- [Directions] Output all entries verbatim. Skip pictures.

*** Task input ***

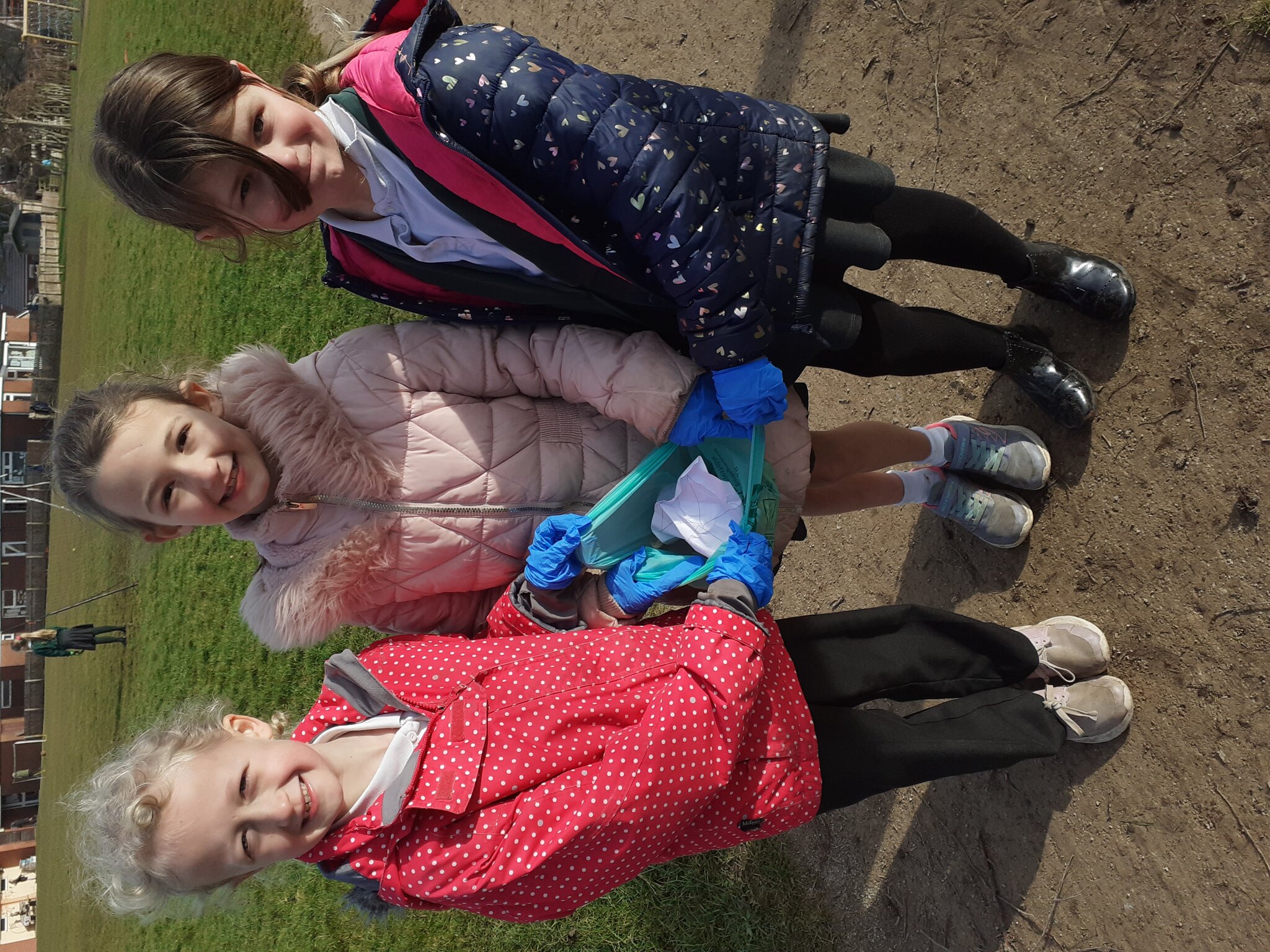 These three girls are advocates for change! They noticed that sometimes there are bits of litter in our grounds so they decided without being prompted to do something about it. They got gloves and a bag and set off collecting.
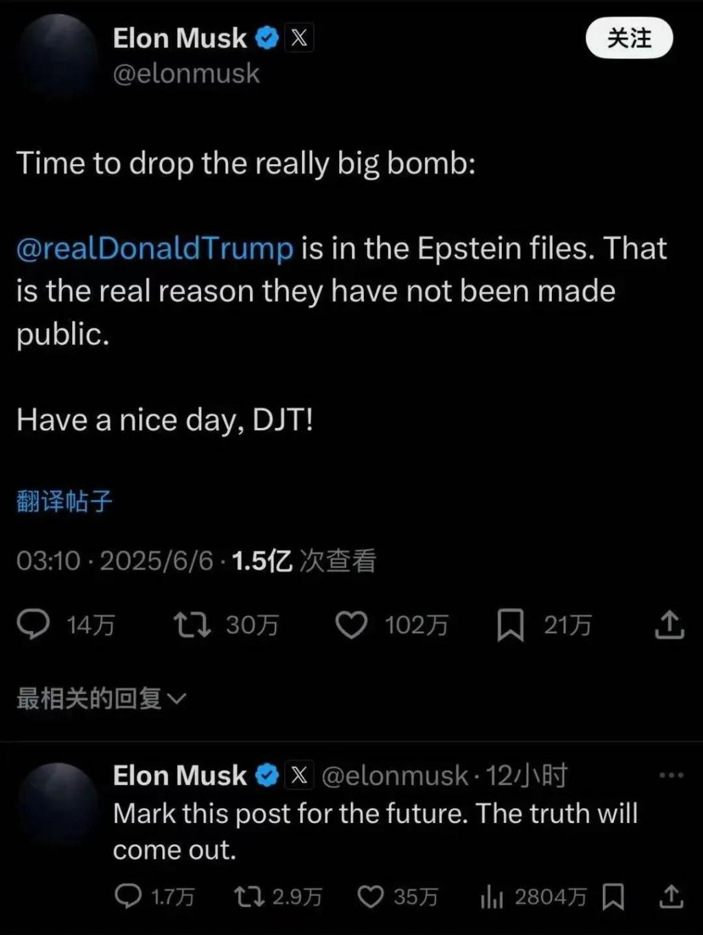 6 月初,他和特朗普对骂,郑重其事地大喊:" 是时候放重磅炸弹了:特朗普在爱泼斯坦文件中 "。但随后又灰不溜秋删了推文。
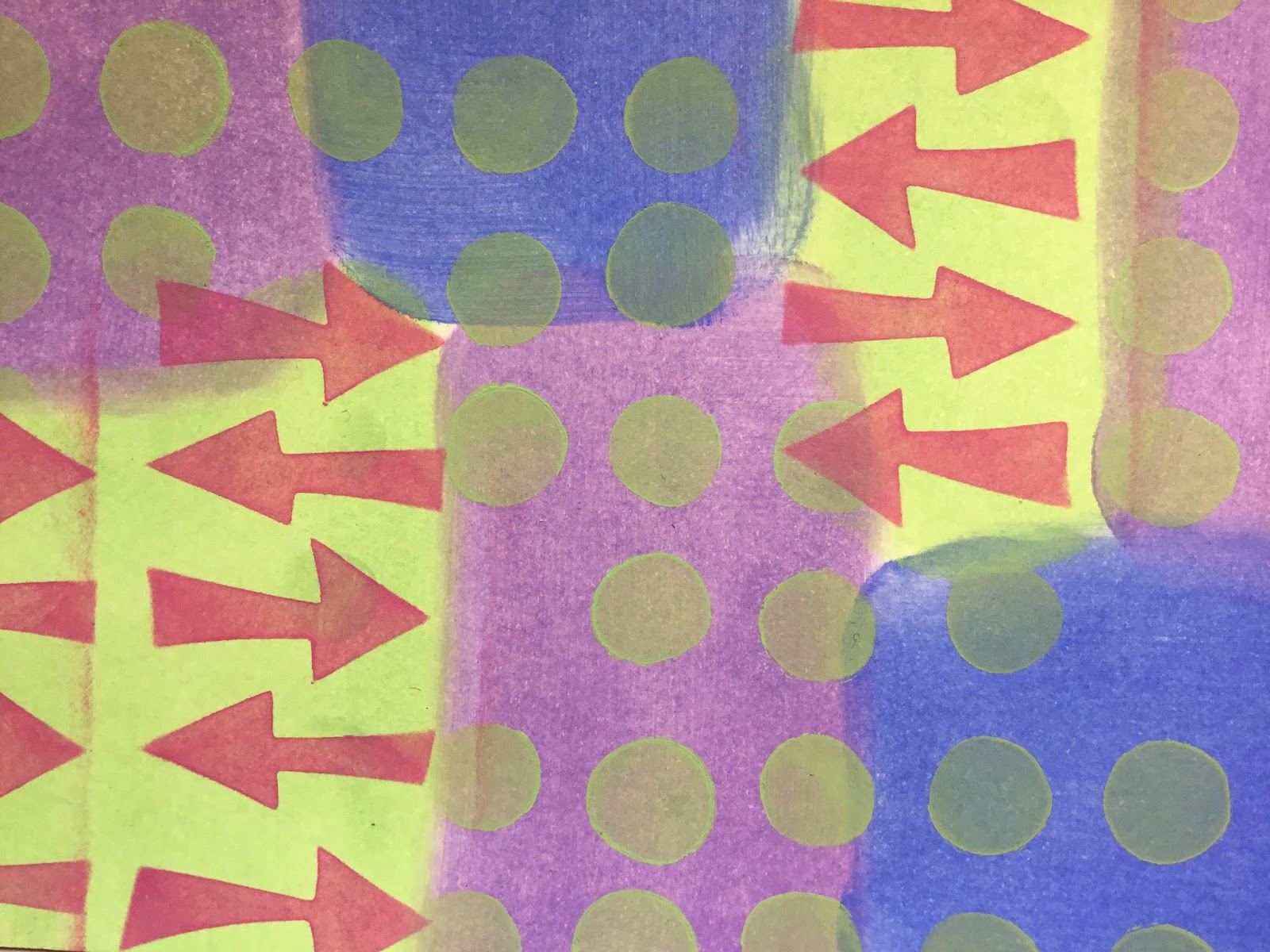 On a black journal insert page, We have stencilled the arrows straight onto the page in Rose Quartz and Vanilla Custard.
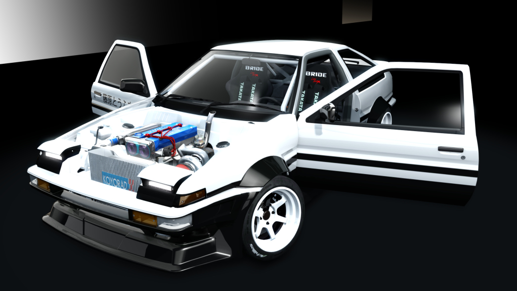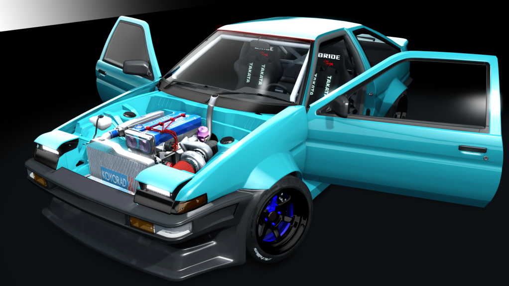 The car's engine is a Billet 4AGE with a single turbo. Wisefab steering geometry.
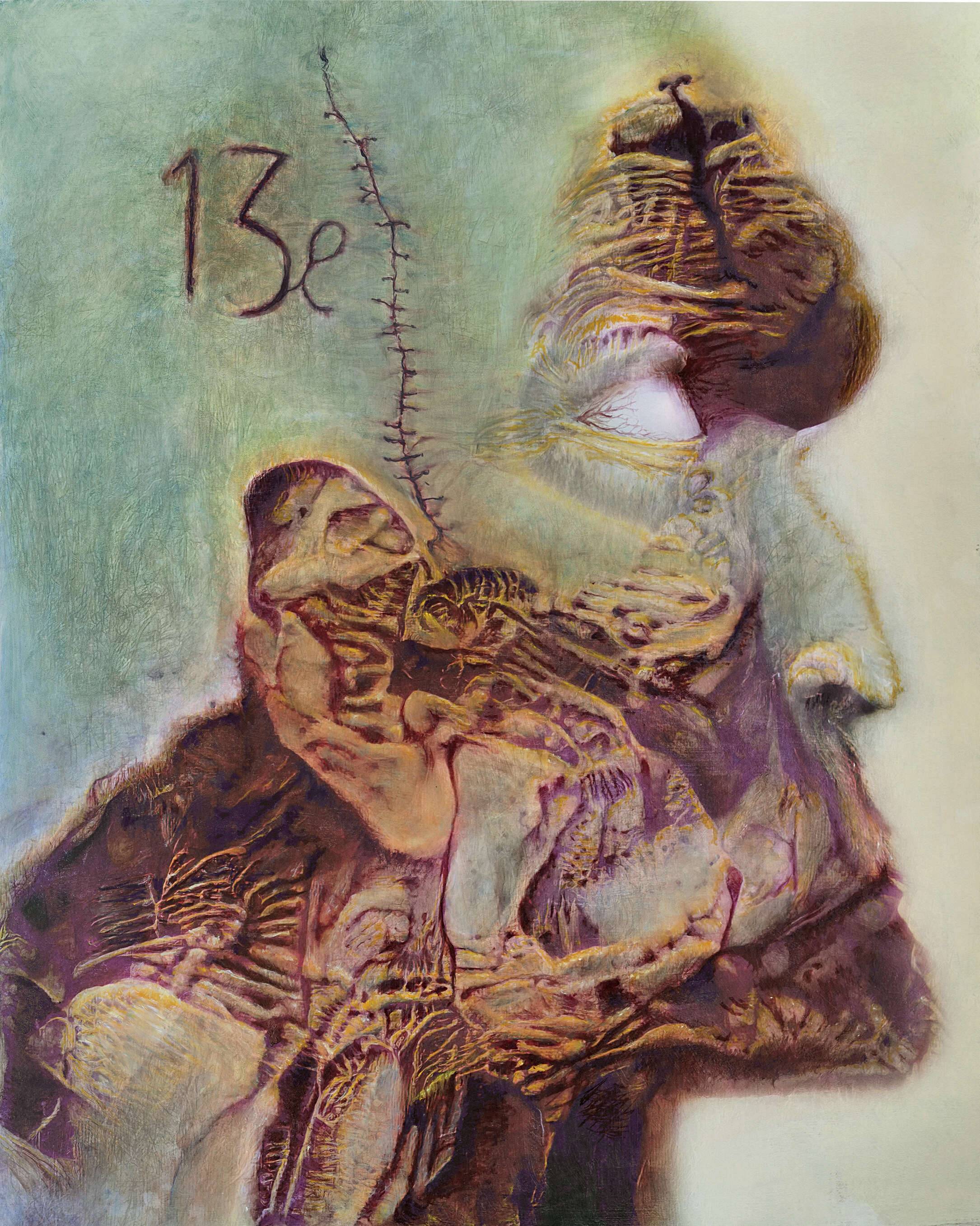 Obraz, który mamy przed sobą, to prawdziwa uczta dla oczu. Wzrok od razu przyciąga znana liczba "13" umieszczona w lewym górnym rogu, co dodaje tajemniczości. Kolory są stonowane, dominują odcienie zieleni i brązu, a całość otulona jest lekką poświatą bieli. Kompozycja ukazuje profil twarzy, choć nie jest to zwykły portret. Kształty są niestandardowe, rozmyte i pełne organicznych wzorów. Artysta zastosował technikę mieszającą realizm z surrealistycznymi akcentami. To przypomina dreamland z płócien Salvadora Dalego. Atmosfera obrazu jest nieco niepokojąca, ale też intrygująca. Nasuwa pytanie: co tam się dzieje? Styl artystyczny jest unikalny, śmiała paleta kolorów i tekstury dodają wymiaru głębi emocji. "Wow, ale dziwne, fajne!" pomyśli dziecko, gdy spojrzy na ten obraz. Interpretacja dzieła może wywoływać różne emocje. Dla jednych to będzie symbol dekonstrukcji czy przemijania. Inni zobaczą w nim odzwierciedlenie własnych lęków i niepewności. Sam osobiście czuję pewien niepokój, ale i fascynację tym, jak zwykłe elementy mogą być przedstawione w nowy, nieoczywisty sposób. Obraz zaskakuje i skłania do refleksji. To takie "enigmatic" arcydzieło, które przyciąga wzrok i nie pozwala o sobie zapomnieć.
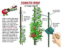 The "Great Tomato Debate": cage or stake? How about both? The TOMATO RING gives you the best of both worlds - the convenient support of a cage, but the superior height and stability of a stake. A cage on a stake! You decide what type and height stake to use, then adjust your TOMATO RINGS, low or high, according to your plant. Absolutely no tying, ever! Simple to use; hides in the foliage. Comes as a 4-pack. Ring is galvanized spring steel and is 10" x 5" oblong shape. Will support up to 10 pounds/ Clamp is high quality green resin. Both blend in beautifully with the plant leaves. Can also be used for flowers and climbing vegetables such as pole beans, cucumbers, or peonies and dahlias. (Stake not included)TR-4 Tomato Ring - Package of FOUR
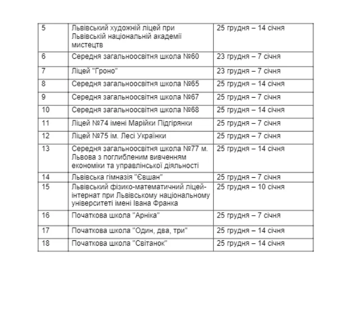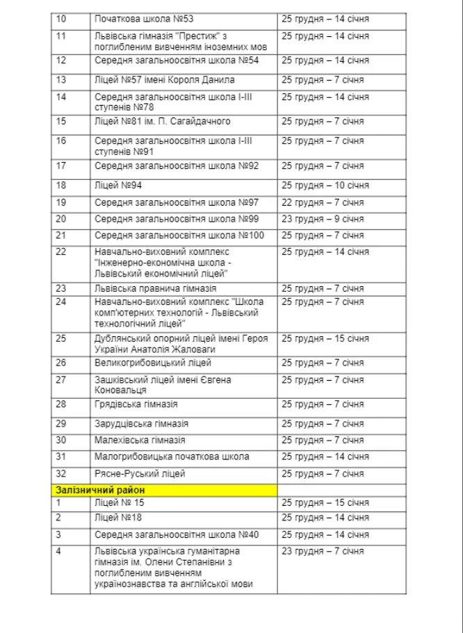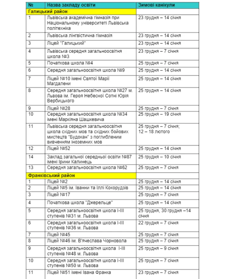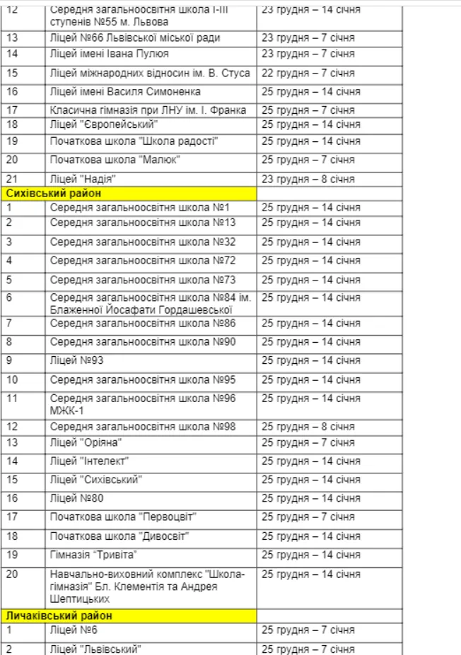Більшість учнів у місті Лева піде на зимові канікули з 25 грудня. Відпочинок решти школярів стартує в інші дні.
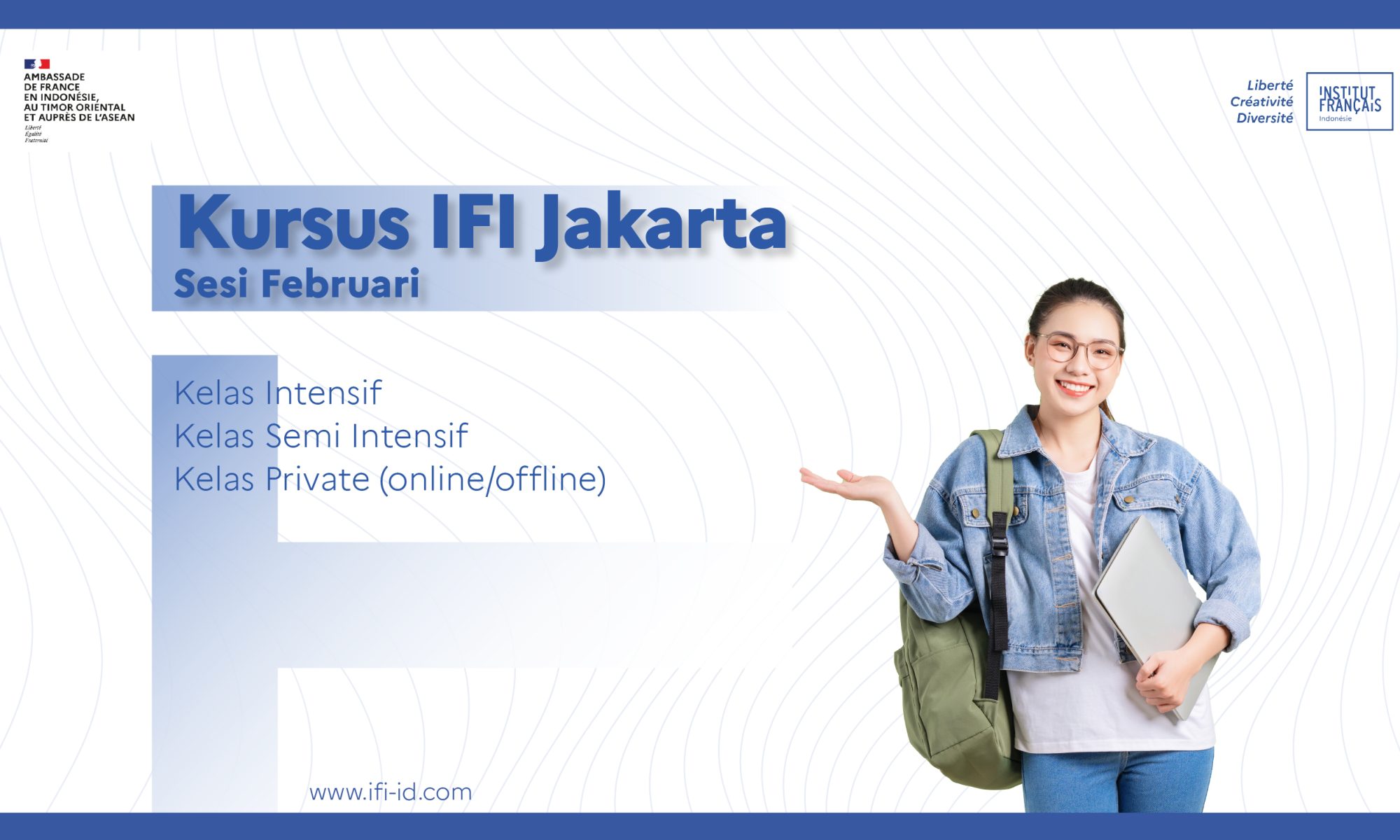 IFI Jakarta menawarkan program kursus bahasa Prancis yang dirancang untuk semua tingkatan, dari pemula hingga mahir. Dengan pengajar yang berpengalaman, kalian akan mendapatkan pembelajaran yang mendalam dan interaktif. Kursus ini adalah kesempatan emas untuk memperdalam pengetahuan bahasa dan budaya Prancis yang akan sangat bermanfaat bagi karir dan kehidupan sosialmu.

*** End of Task input ***

- [Answer to this problem]
 These three girls are advocates for change! They noticed that sometimes there are bits of litter in our grounds so they decided without being prompted to do something about it. They got gloves and a bag and set off collecting.
 6 月初,他和特朗普对骂,郑重其事地大喊:" 是时候放重磅炸弹了:特朗普在爱泼斯坦文件中 "。但随后又灰不溜秋删了推文。
 On a black journal insert page, We have stencilled the arrows straight onto the page in Rose Quartz and Vanilla Custard.
 The car's engine is a Billet 4AGE with a single turbo. Wisefab steering geometry.
 Obraz, który mamy przed sobą, to prawdziwa uczta dla oczu. Wzrok od razu przyciąga znana liczba "13" umieszczona w lewym górnym rogu, co dodaje tajemniczości. Kolory są stonowane, dominują odcienie zieleni i brązu, a całość otulona jest lekką poświatą bieli. Kompozycja ukazuje profil twarzy, choć nie jest to zwykły portret. Kształty są niestandardowe, rozmyte i pełne organicznych wzorów. Artysta zastosował technikę mieszającą realizm z surrealistycznymi akcentami. To przypomina dreamland z płócien Salvadora Dalego. Atmosfera obrazu jest nieco niepokojąca, ale też intrygująca. Nasuwa pytanie: co tam się dzieje? Styl artystyczny jest unikalny, śmiała paleta kolorów i tekstury dodają wymiaru głębi emocji. "Wow, ale dziwne, fajne!" pomyśli dziecko, gdy spojrzy na ten obraz. Interpretacja dzieła może wywoływać różne emocje. Dla jednych to będzie symbol dekonstrukcji czy przemijania. Inni zobaczą w nim odzwierciedlenie własnych lęków i niepewności. Sam osobiście czuję pewien niepokój, ale i fascynację tym, jak zwykłe elementy mogą być przedstawione w nowy, nieoczywisty sposób. Obraz zaskakuje i skłania do refleksji. To takie "enigmatic" arcydzieło, które przyciąga wzrok i nie pozwala o sobie zapomnieć.
 The "Great Tomato Debate": cage or stake? How about both? The TOMATO RING gives you the best of both worlds - the convenient support of a cage, but the superior height and stability of a stake. A cage on a stake! You decide what type and height stake to use, then adjust your TOMATO RINGS, low or high, according to your plant. Absolutely no tying, ever! Simple to use; hides in the foliage. Comes as a 4-pack. Ring is galvanized spring steel and is 10" x 5" oblong shape. Will support up to 10 pounds/ Clamp is high quality green resin. Both blend in beautifully with the plant leaves. Can also be used for flowers and climbing vegetables such as pole beans, cucumbers, or peonies and dahlias. (Stake not included)TR-4 Tomato Ring - Package of FOUR
Більшість учнів у місті Лева піде на зимові канікули з 25 грудня. Відпочинок решти школярів стартує в інші дні.
 IFI Jakarta menawarkan program kursus bahasa Prancis yang dirancang untuk semua tingkatan, dari pemula hingga mahir. Dengan pengajar yang berpengalaman, kalian akan mendapatkan pembelajaran yang mendalam dan interaktif. Kursus ini adalah kesempatan emas untuk memperdalam pengetahuan bahasa dan budaya Prancis yang akan sangat bermanfaat bagi karir dan kehidupan sosialmu.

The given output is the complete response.